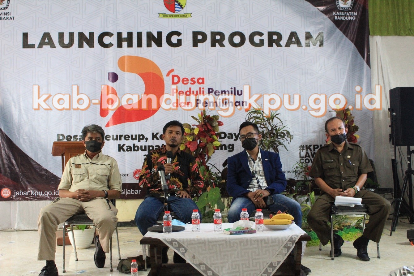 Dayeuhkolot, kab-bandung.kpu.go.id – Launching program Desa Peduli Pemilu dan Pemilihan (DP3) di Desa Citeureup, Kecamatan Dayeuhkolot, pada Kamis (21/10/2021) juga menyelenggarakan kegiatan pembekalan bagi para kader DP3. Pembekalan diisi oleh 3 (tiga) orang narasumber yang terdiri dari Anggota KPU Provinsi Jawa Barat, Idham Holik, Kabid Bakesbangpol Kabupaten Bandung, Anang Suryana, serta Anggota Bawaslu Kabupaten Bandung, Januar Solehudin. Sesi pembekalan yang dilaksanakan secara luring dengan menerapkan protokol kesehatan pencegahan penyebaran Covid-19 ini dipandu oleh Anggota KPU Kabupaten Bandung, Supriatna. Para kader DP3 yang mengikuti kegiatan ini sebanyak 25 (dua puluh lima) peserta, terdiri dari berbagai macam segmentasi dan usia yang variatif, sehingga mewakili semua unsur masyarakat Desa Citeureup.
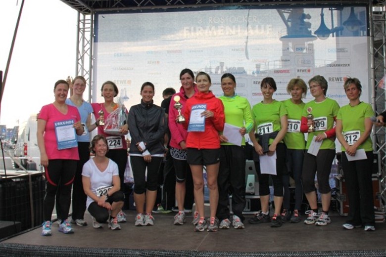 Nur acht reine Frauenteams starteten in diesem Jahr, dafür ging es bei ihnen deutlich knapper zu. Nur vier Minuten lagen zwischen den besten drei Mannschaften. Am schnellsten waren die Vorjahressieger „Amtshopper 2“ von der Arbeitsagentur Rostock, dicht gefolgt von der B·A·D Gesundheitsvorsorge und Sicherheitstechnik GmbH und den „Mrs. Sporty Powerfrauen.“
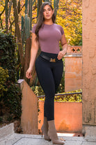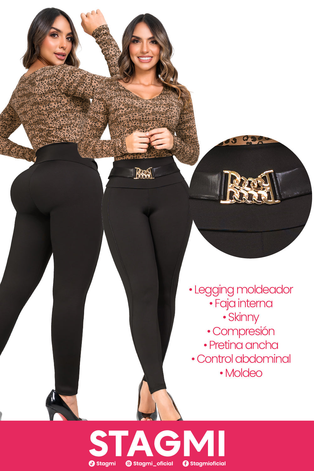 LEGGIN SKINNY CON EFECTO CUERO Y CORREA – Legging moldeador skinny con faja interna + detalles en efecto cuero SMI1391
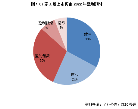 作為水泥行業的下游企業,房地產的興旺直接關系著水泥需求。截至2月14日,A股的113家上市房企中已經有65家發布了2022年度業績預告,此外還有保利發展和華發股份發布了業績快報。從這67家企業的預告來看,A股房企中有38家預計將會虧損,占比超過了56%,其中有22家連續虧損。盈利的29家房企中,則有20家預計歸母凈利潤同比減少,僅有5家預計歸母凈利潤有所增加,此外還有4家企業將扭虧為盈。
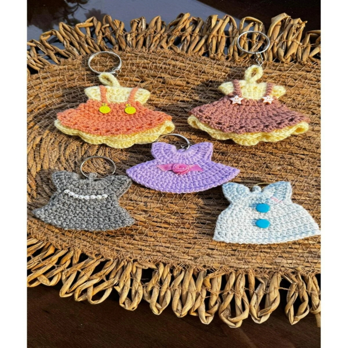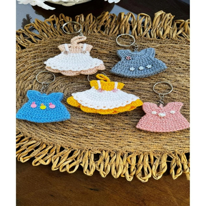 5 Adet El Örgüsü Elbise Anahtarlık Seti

== == ==

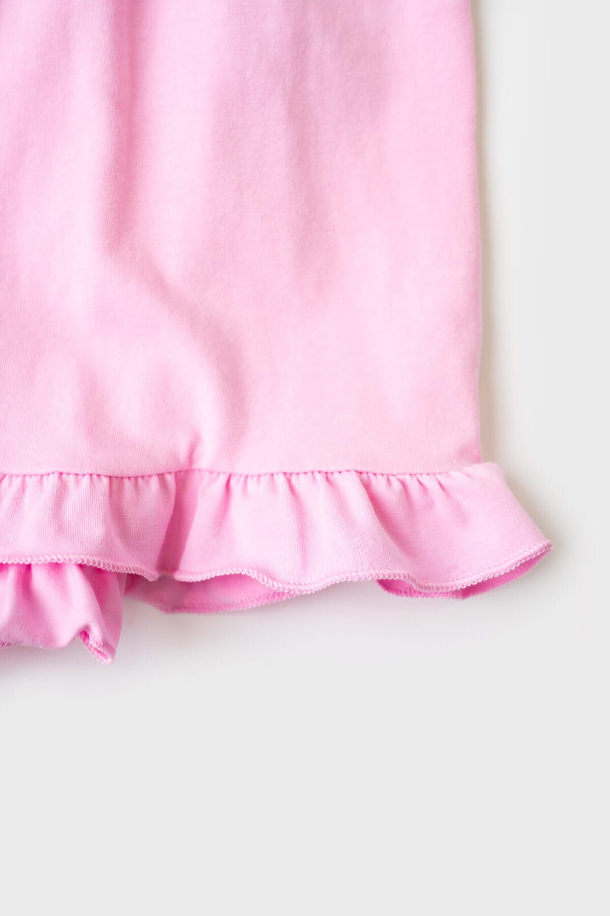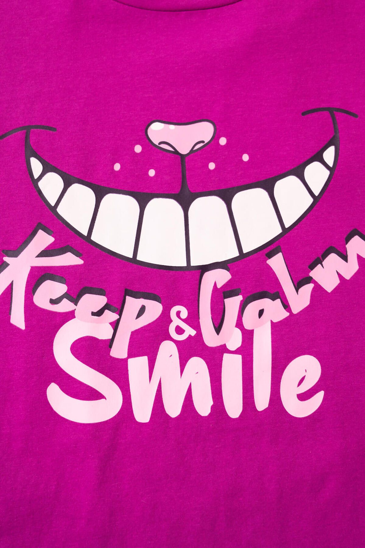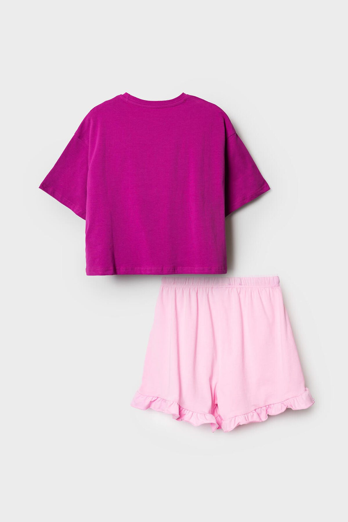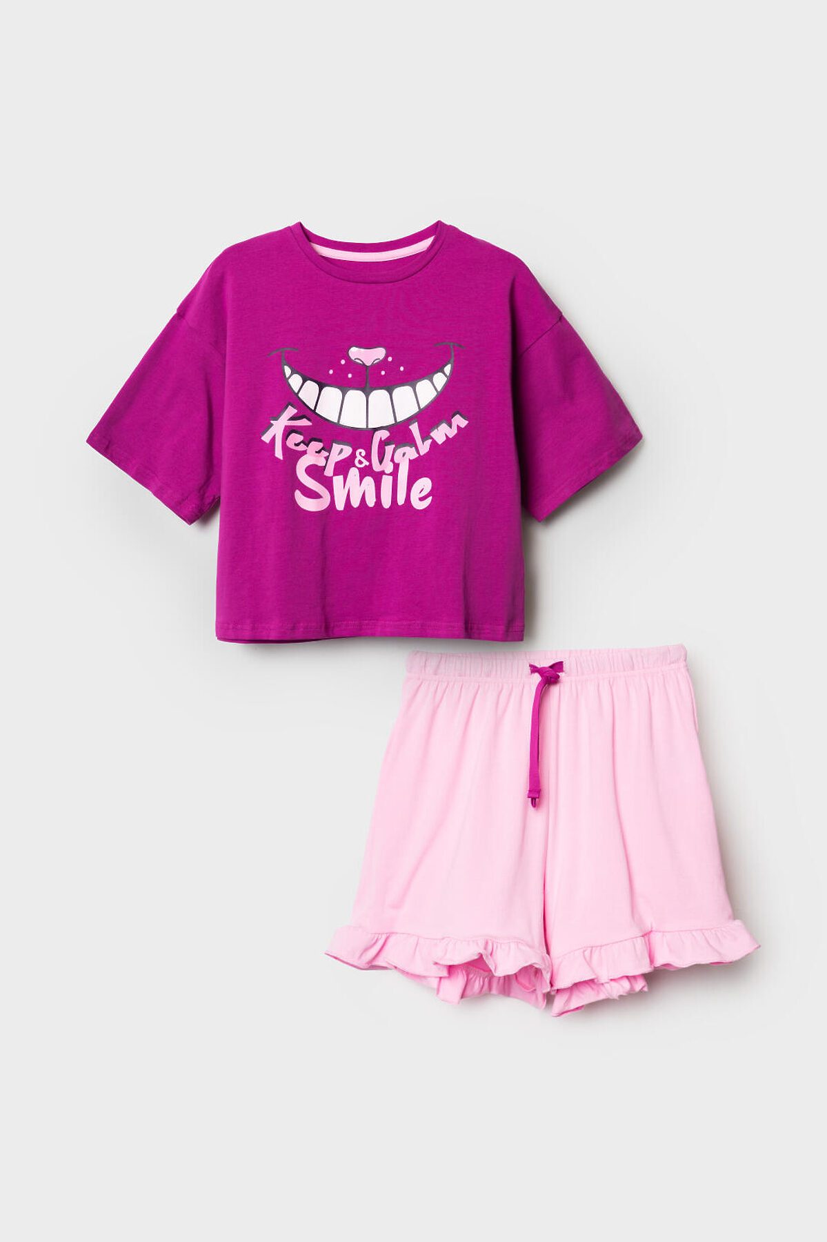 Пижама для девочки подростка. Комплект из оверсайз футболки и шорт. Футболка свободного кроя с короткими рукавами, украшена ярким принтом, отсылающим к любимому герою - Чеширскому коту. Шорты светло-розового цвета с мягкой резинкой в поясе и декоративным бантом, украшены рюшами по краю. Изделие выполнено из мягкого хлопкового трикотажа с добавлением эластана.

== == ==

> [About this task] Reproduce the data above exactly, but only the lines from the one showing "LEGGIN SKINNY CON" through the one showing "5 Adet El Örgüsü Elbise Anahtarlık Seti", with both ends kept and the pictures left out.

> [Task response]
 LEGGIN SKINNY CON EFECTO CUERO Y CORREA – Legging moldeador skinny con faja interna + detalles en efecto cuero SMI1391
 作為水泥行業的下游企業,房地產的興旺直接關系著水泥需求。截至2月14日,A股的113家上市房企中已經有65家發布了2022年度業績預告,此外還有保利發展和華發股份發布了業績快報。從這67家企業的預告來看,A股房企中有38家預計將會虧損,占比超過了56%,其中有22家連續虧損。盈利的29家房企中,則有20家預計歸母凈利潤同比減少,僅有5家預計歸母凈利潤有所增加,此外還有4家企業將扭虧為盈。
 5 Adet El Örgüsü Elbise Anahtarlık Seti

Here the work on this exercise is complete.